I seriously DO NOT have time to be sick. Do you hear me body? I don't have time for this. I've got fun things to do. An 8-year-old daughter to hang out with. Pools to swim in. It is summer for goodness sakes. I am NOT supposed to be sick. Not. Not. Not. Maybe if I keep repeating it, my body will actually LISTEN to me. No time body. No time. No time to be sick.

But yet, here I am. Sick. My ears hurt. My throat hurts. And my head is KILLING me. Seriously. I feel like it might explode into a million pieces at any moment. And part of me wishes that would happen. Why? Well because then it wouldn't hurt like the devil anymore. Not sure where I picked up this particular ray of sunshine that has invaded my body, but I sure as heck wish I'd missed it, that is for sure.

Being sick sucks. Being sick in the summer sucks worse. Here's to hoping that this yuckiness is VERY short lived. VERY.


Tuesday, June 28, 2011

I'm Here to "Pump You Up"



Remember these guys? Hans and Franz? From Saturday Night Live? For some reason, I have them stuck in my head. Well, the reason is because I've started a new workout called Body Pump, and now all I can hear is Hans and Franz telling me they want to "pump me up". Not that I'm doing much "pumping up" right now. Right now? I'm just managing to not d-i-e while doing it. I'm managing to not fall out while doing one million squats.

Exercise? Yeah. It ain't fun. And it ain't pretty. Or it least it isn't when I do it. Which is why I prefer the comfort of my own home as opposed to embarrasing the mess out of myself at a gym. Maybe one day I'll work out in a gym. You know, one day when I'm not 30 pounds overweight.

So, here I go. Ready to get "pumped up". Which now brings up a stupid high-school football cheer in my head. Well, maybe between Hans and Franz and my inner cheerleader, I'll actually be able to do this.

Time to tell those 30 extra pounds where to go. And it ain't my hips.


Monday, June 27, 2011

Family Time



This weekend, my little family and I had some much needed family time. Much needed. It was nice to get away from it all and just be us.

It was so nice to not have a schedule. To not have to be anywhere at anytime. We did whatever we wanted, whenever we wanted. We had pizza for breakfast. We had steaks for lunch. We just were. Together.

I saw my husband relax. I saw my daughter smile. I heard all of us laugh hysterically.

I can't even begin to tell you how happy it made me for us to just be together. We left everything behind and just hung out. Just us. We thought about letting A take a friend, but in the end decided that this time it would just be us. We're going back to the lake this weekend and she can take a friend, but this time, this time? It was just us. And it was just perfect.

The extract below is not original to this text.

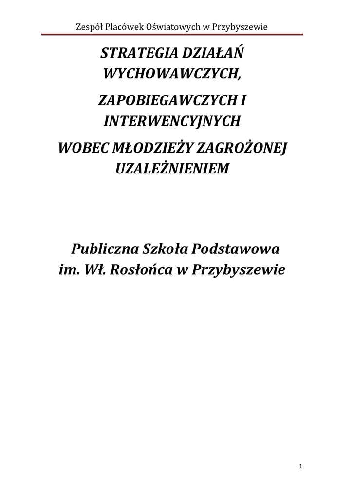 Zespół Placówek Oświatowych w Przybyszewie STRATEGIA DZIAŁAŃ WYCHOWAWCZYCH, ZAPOBIEGAWCZYCH I INTERWENCYJNYCH WOBEC MŁODZIEŻY ZAGROŻONEJ UZALEŻNIENIEM Publiczna Szkoła Podstawowa im. Wł. Rosłońca w Przybyszewie 1 Zespół Placówek Oświatowych w Przybyszewie Spis treści 1. Podstawa prawna ....................................................................................................................... 3 2. Założenia ogólne......................................................................................................................... 4 3. Strategie działań ............................................................................................................................. 6 I. Wychowawcze: ............................................................................................................................ 6 II. Zapobiegawcze: .......................................................................................................................... 6 III. Interwencyjne:........................................................................................................................... 6 4. Strategia działań wychowawczych i zapobiegawczych .................................................................. 7 I. Dyrektor szkoły: ........................................................................................................................... 7 II. Nauczyciele i wychowawcy klas: ................................................................................................ 7 III. Pielęgniarka szkolna: ................................................................................................................. 8 IV. Pracownicy administracji i obsługi szkoły: ................................................................................ 8 5. Strategia działań interwencyjnych ................................................................................................. 8 6. Metody współpracy szkoły z policją ............................................................................................. 11 7. Podstawy prawne stosowanych procedur: .................................................................................. 12 8. Akty prawne dotyczące bezpieczeństwa w szkole ....................................................................... 19 2 Zespół Placówek Oświatowych w Przybyszewie 1. Podstawa prawna 1. Ustawa z dnia 26 października 1982 r. o postępowaniu w sprawach nieletnich (Dz. U. z 1982 r. Nr 35, poz. 228 ze zmianami – tekst jednolity Dz. U. z 2002 r. Nr 11, poz. 109) oraz przepisy wykonawcze w związku z tą ustawą. 2. Ustawa z dnia 26 października 1982 r. o wychowaniu w trzeźwości i przeciwdziałaniu alkoholizmowi (Dz. U. z 1982 r. Nr 35, poz. 230 ze zmianami). 3. Ustawa z dnia 24 kwietnia 1997 r. o przeciwdziałaniu narkomanii (Dz. U. z 2003 r. Nr 24, poz. 198). 4. Ustawa z dnia 6 kwietnia 1990 r. o Policji (Dz. U. Nr 30, poz. 179 ze zmianami). 5. Zarządzenie Nr 15/97 Komendanta Głównego Policji z dnia 16 czerwca 1997 r. w sprawie form i metod działań Policji w zakresie zapobiegania i zwalczania demoralizacji i przestępczości nieletnich. 6. Ustawa z dnia 7 września 1991 r. o systemie oświaty (Dz. U. z 1996 r. Nr 67, poz. 329 ze zmianami). 7. Rozporządzenie Ministra Edukacji Narodowej i Sportu z dnia 31 stycznia 2003 r. w sprawie szczegółowych form działalności wśród dzieci i młodzieży zagrożonych uzależnieniem (Dz. U. z 2003 r. Nr 26, poz. 226). 3 Zespół Placówek Oświatowych w Przybyszewie 2. Założenia ogólne 1. Szkoła rozwija działania wychowawcze i zapobiegawcze wśród dzieci i młodzieży, u których zespół zjawisk psychicznych i oddziaływań środowiskowych stwarza wysokie prawdopodobieństwo powstania zależności od środków odurzających lub substancji psychotropowych albo którzy sporadycznie używają środków odurzających lub substancji psychotropowych lub środków zastępczych. 2. Działalność wychowawcza i zapobiegawcza w szkole polega w szczególności na: a. systematycznym rozpoznawaniu i diagnozowaniu zagrożeń związanych z uzależnieniem; b. informowaniu o narkomanii i jej skutkach; c. współpracy z rodzicami dzieci i młodzieży zagrożonych uzależnieniem; d. poradnictwie w zakresie zapobiegania uzależnieniom od środków i substancji psychotropowych; e. przygotowaniu nauczycieli i osób zajmujących się wychowaniem dzieci i młodzieży do przeciwdziałania narkomanii. 3. Zadania z zakresu działalności wychowawczej i zapobiegawczej wśród dzieci i młodzieży zagrożonych uzależnieniem są realizowane w szkole na: a. zajęciach profilaktycznych w ramach: form pomocy psychologiczno-pedagogicznej, w szczególności: zajęć dydaktycznowyrównawczych, zajęć specjalistycznych, zajęć psychoedukacyjnych, godzin dla wychowawcy klasy, zajęć pozalekcyjnych, zajęć świetlicowych; b. zajęciach edukacyjnych w ramach: przedmiotów, których podstawy programowe uwzględniają zagadnienia dotyczące zapobiegania narkomanii, edukacji prozdrowotnej, wychowania do życia w rodzinie. 4. Działalność informacyjna obejmuje upowszechnianie wśród dzieci i młodzieży, rodziców i nauczycieli informacji na temat: a. szkodliwości środków lub substancji psychotropowych, których używanie łączy się z zagrożeniem bezpieczeństwa i zdrowia oraz może prowadzić do uzależnień; b. dostępnych form pomocy dzieciom i młodzieży zagrożonych uzależnieniem; c. możliwości rozwiązywania problemów powodujących powstawanie uzależnień; d. skutków prawnych związanych z naruszeniem przepisów ustawy z dnia 24 kwietnia 1997 r. o przeciwdziałaniu narkomanii. 4 Zespół Placówek Oświatowych w Przybyszewie 5. Szkoła podejmuje działania interwencyjne polegające na powiadomieniu rodziców i Policji w sytuacjach kryzysowych, w szczególności, gdy dzieci lub młodzież używają, posiadają lub rozprowadzają środki lub s

What about ya'll? How do you unplug and reconnect?


Wednesday, June 22, 2011

I'm Better Now

So, yesterday I ranted a little (ok a lot) about things around here. I was hormonal and needed a pat on the back. Two certain someones (finally) got the message. Sometimes huffing and puffing and being a pain in the butt will get you what you want. Sometimes. I don' recommend it often, and I don't usually do it, I'm usually much more straightforward, but yesterday? Yesterday I wanted (ok, needed) them to acknowledge it ON.THEIR.OWN. So I was quiet. Well, kinda. And guess what? The dish? It got washed, and not by me. The clothes? They got put in the hamper, and not by me. The toys? They got picked up, and not by me. The breathing? Well, they are both still breathing the morning. I went to bed. I NEEDED a good night's rest. And this morning? I feel MUCH MUCH better.

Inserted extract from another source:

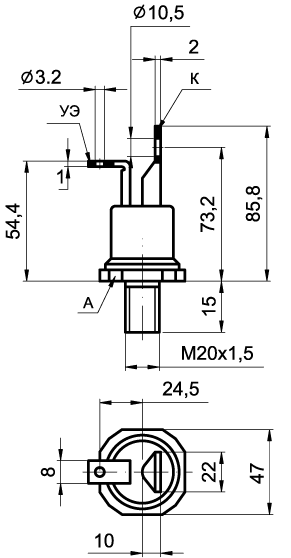 ТЧ100-10 - быстродействующий тиристор штыревого исполнения.

So ya'll got to see me at my worst. Or me being honest. Either one. Sometimes (and just sometimes) being a stay-at-home/work-at-home mom SUCKS. Plain and simple. And sometimes, I just need a pat on the back. Ok, maybe all the time would be nice, but I'm not expecting miracles here people.

But today is a new day. And so far, no ones breathing is annoying me. No dishes are unwashed and no toys are on the floor. Of course, W is at work and A is asleep, so there is still plenty of room for this day to go downhill, but I'm better today. Sometimes, a little sleep is a good thing. Most days I can go, go, go. But after taking the kids to Alabama Advenenture with my sis on Monday, I was worn out yesterday. And I had to work. And the house was a disaster. And I felt like I had NO help at all. None. Zero. Nada. So, I had to rant. I had to pitch a hissy fit. Because sometimes Momma needs a break!

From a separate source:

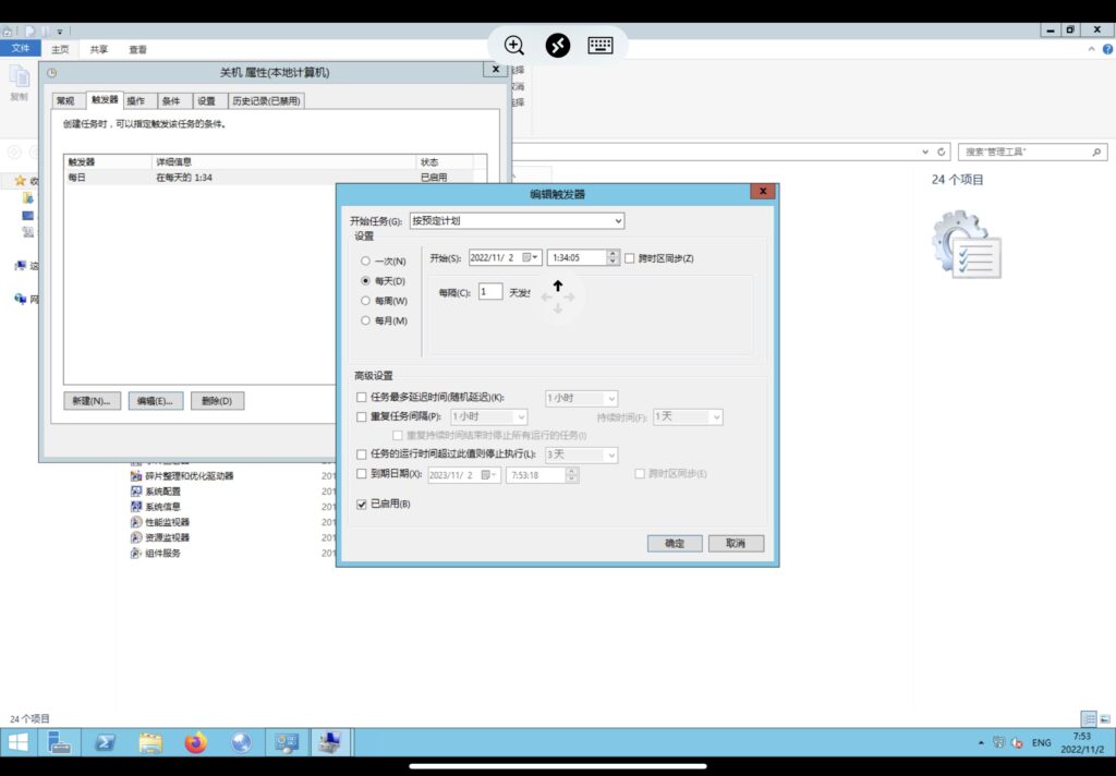 说明一声(to 高老师 我这里这个计划任务只有一次触发事件,但班上电脑有好几个触发点,选中下午的那一个(详细信息-每天下午15:50的那个))

Thanks for listening. And not judging.

Tuesday, June 21, 2011

Is It So Hard?

-to wash the dish you just put in the sink?
-to pick your toys up off the floor?
-to actually put your dirty clothes IN the hamper, as opposed to on the floor?
-to acknowledge that I spent ALL.FREAKING.DAY. cleaning the house and that it looks good?
-to understand that the sound of you breathing right now annoys the crap out of me?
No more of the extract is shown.